Let $\alpha$ be a 1 -form and $\beta$ a 2 -form on $\mathbb{R}^{3}$. Then $$ \begin{array}{l} \alpha=a_{1} d x^{1}+a_{2} d x^{2}+a_{3} d x^{3} \\ \beta=b_{1} d x^{2} \wedge d x^{3}+b_{2} d x^{3} \wedge d x^{1}+b_{3} d x^{1} \wedge d x^{2} \end{array} $$ Compute $\alpha \wedge \beta$.

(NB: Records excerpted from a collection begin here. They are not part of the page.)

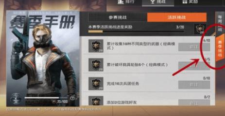 其次是每周挑战任务,持续时间一周,多个任务,我们在游戏的情况下看先查看每周的挑战任务,在游戏的过程中留个心眼,同时可以迅速的完成任务。比如在海岛地图游戏跳伞两次并且尽量选择P城的屋顶作为着陆点,通敌在游戏的过程中破坏载具轮胎,尽量猥琐挺近前三名,就这样非常简单的进行游戏就可以迅速的完成四个任务。
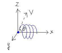 電荷移動的速度垂直磁場:速度垂直磁場,夾角θ=90˚或270˚,此時磁力為:F=qvb(方向垂直電荷的速度),因此,原本作直線運動的電荷,受到這個法線力的影響,會開始作等速率圓周運動(因為把垂直的磁力視為向心力)。 電荷移動的速度和磁場夾θ角:因為夾θ角,所以速度平行磁場的分量會依然往前作等速度直線運動,而垂直磁場的分量會作等速率圓周運動,將兩個分量結合起來,則會發現,電荷在空間中作等速率螺旋運動(如下圖)。分析上面的運動軌跡後,我們發現,帶電粒子在磁場中必作等速率運動。 在應用方面,科學家利用電荷速度垂直磁場會作等速率圓周運動的原理,製造了質譜儀,它可用來測量帶電粒子的質量和鑑別同位素,原理是將帶電粒子加速垂直射入磁場,此時
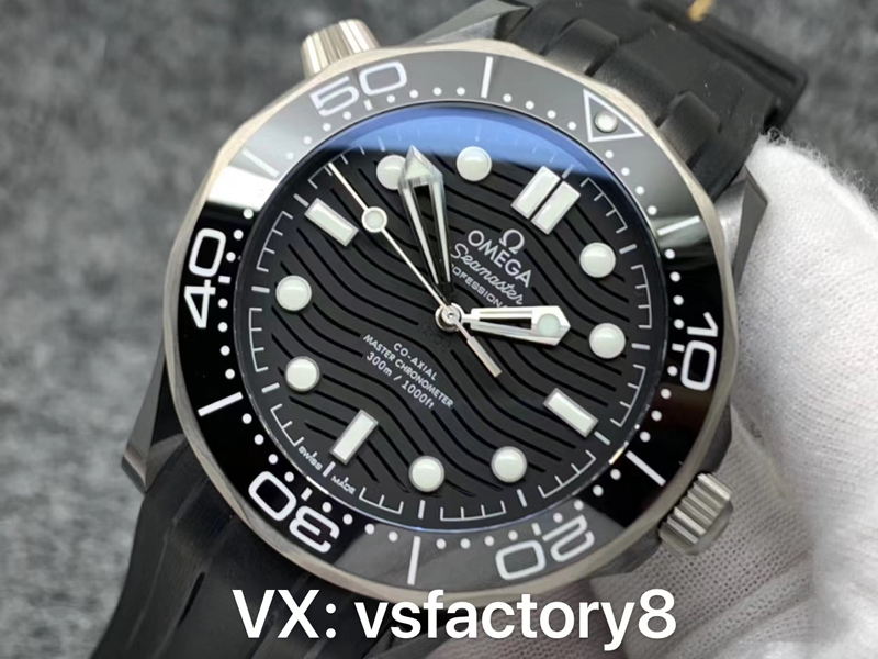 VS廠歐米茄海馬300米潛水表系列,自動機械表男表43.5mm全陶瓷表殼,黑色陶瓷?潛水刻度單向旋轉表圈,防劃藍寶石玻璃鏡面,黑色波紋表盤,自動上弦8806機械機芯,黑色表扣,黑色橡膠表帶 。
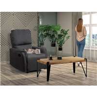 Konferenční stolek s rozměry 110x60x42 cm kombinuje desku z MDF s dekorem divokého dubu a pevné nohy z černě matného kovu. Deska nabízí přírodní hnědý odstín s výraznou strukturou dřeva, která dodává stolku autentický vzhled. Kovové nohy jsou navrženy v moderním geometrickém tvaru, který zajišťuje stabilitu a zároveň přispívá k industriálnímu designu. Celkové provedení je navrženo pro dlouhou životnost a snadnou údržbu, což činí stolek vhodným doplňkem do moderních obývacích pokojů či kanceláří. Stolek není rozkládací, jeho kompaktní rozměry umožňují praktické využití i v menších prostorách. Barva primární: Hnědá Demontované: Ano Hloubka (cm): 60.00 Karton 1 (cm): 117x68x15 Materiál desky: MDF Materiál konstrukce: Kov Materiál nohou: Kov Počet balení: 1.00 Styl: Industriální Šířka (cm): 110.00 Tvar desky: Obdélníkový Typ podnože: 4 nohy Výška (cm): 44.00 Barva nohou: Černá Dekor primární: Divoký dub Materiál: MDF Skupina zboží: Konferenční stolek Nosnost (kg): 20.00 Rozklad: Ne Dekor desky: Divoký dub Objem celkem (m3): 0.12 Hmotnost - netto (kg): 16.00 Hmotnost - brutto (kg): 17.00 Počet kusů v kartonu: 1.00 Tloušťka desky (cm): 5.00 Montáž: Vyžaduje montáž Barva desky: Hnědá Místnost: Obývací pokoj Rozměry: 110 x 60 x 44 cm Hmotnost:16,5 kg
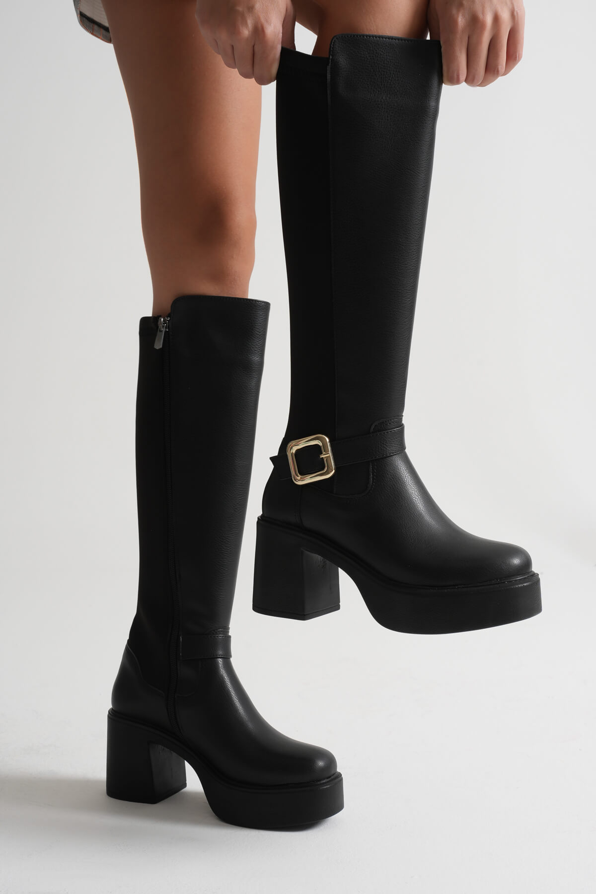 Woly Kadın Günlük Siyah Tokalı Çizme
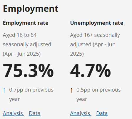 UK wage growth held steady in the three months to June 2025, with regular pay excluding bonuses rising 5 percent year-on-year to £679 per week, according to data from the Office for National Statistics (ONS). The pace matched the previous period and market expectations, remaining at the slowest rate in nearly three years.
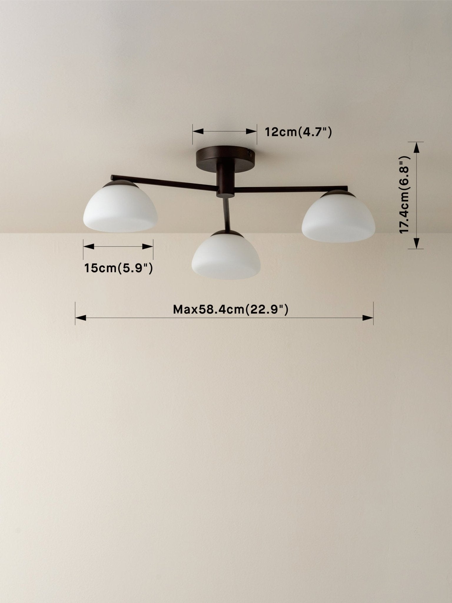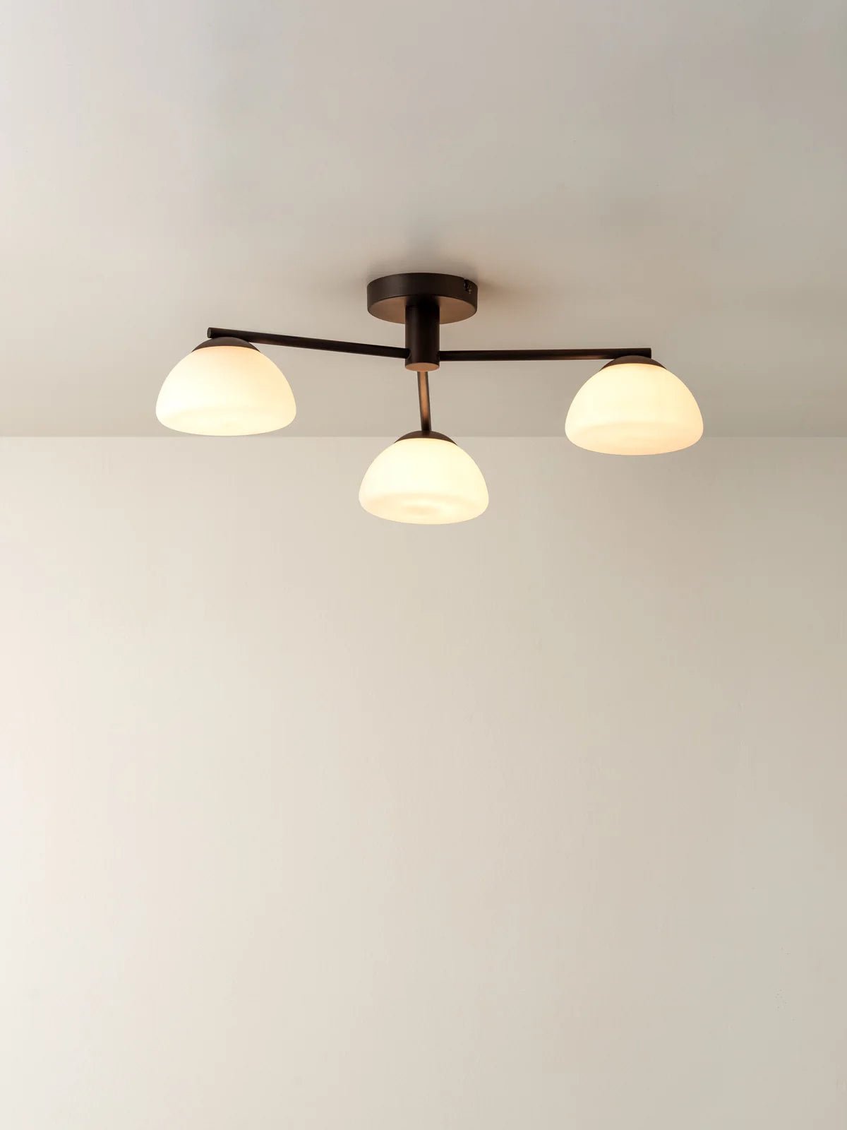 Modest, mighty, modern. Making the most of our enclosed opal glass dome shade, this compact bronze flush light is full of practical style. 3 asymmetrical arms help spread the light with a statement, even in a smaller space. This light is IP44 rated for use in bathroom zones 2 and 3.
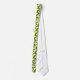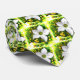 This lively tie features a repeating pattern of a white flowering tobacco flower with very pale mauve tints and a light green centre. A second bud is about to open. Both are set against a field of golden calendulas and green foliage.

solution : $\alpha \wedge \beta=a_{1} d x^{1}\wedge(b_{1} d x^{2} \wedge d x^{3}+b_{2} d x^{3} \wedge d x^{1}+b_{3} d x^{1} \wedge d x^{2})+a_{2} d x^{2}\wedge(b_{1} d x^{2} \wedge d x^{3}+b_{2} d x^{3} \wedge d x^{1}+b_{3} d x^{1} \wedge d x^{2})+a_{3} d x^{3}\wedge(b_{1} d x^{2} \wedge d x^{3}+b_{2} d x^{3} \wedge d x^{1}+b_{3} d x^{1} \wedge d x^{2})=a_{1}b_{1} d x^{1}\wedge d x^{2} \wedge d x^{3}- a_{2}b_{2} d x^{1}\wedge d x^{2} \wedge d x^{3}+a_{3}b_{3} d x^{1}\wedge d x^{2} \wedge d x^{3}=(a_{1}b_{1}-a_{2}b_{2}+a_{3}b_{3})d x^{1}\wedge d x^{2} \wedge d x^{3}$
is this true ?
i think we have :
$a_{2}b_{2} d x^{2}\wedge d x^{3} \wedge d x^{1}= a_{2}b_{2} (d x^{2}\wedge d x^{3} )\wedge d x^{1}=-a_{2}b_{2} d x^{1}\wedge (d x^{2} \wedge d x^{3})$
is this true ?
Note that $dx^2\wedge dx^3\wedge dx^1 = - dx^2\wedge dx^1\wedge dx^3 = dx^1\wedge dx^2\wedge dx^3$. In general, if $\eta$ is a $k$-form and $\zeta$ is an $l$-form, then $\eta\wedge\zeta = (-1)^{kl}\zeta\wedge\eta$.
So the correct answer is $\alpha\wedge\beta = (a_1b_1 + a_2b_2 + a_3b_3)dx^1\wedge dx^2\wedge dx^3$.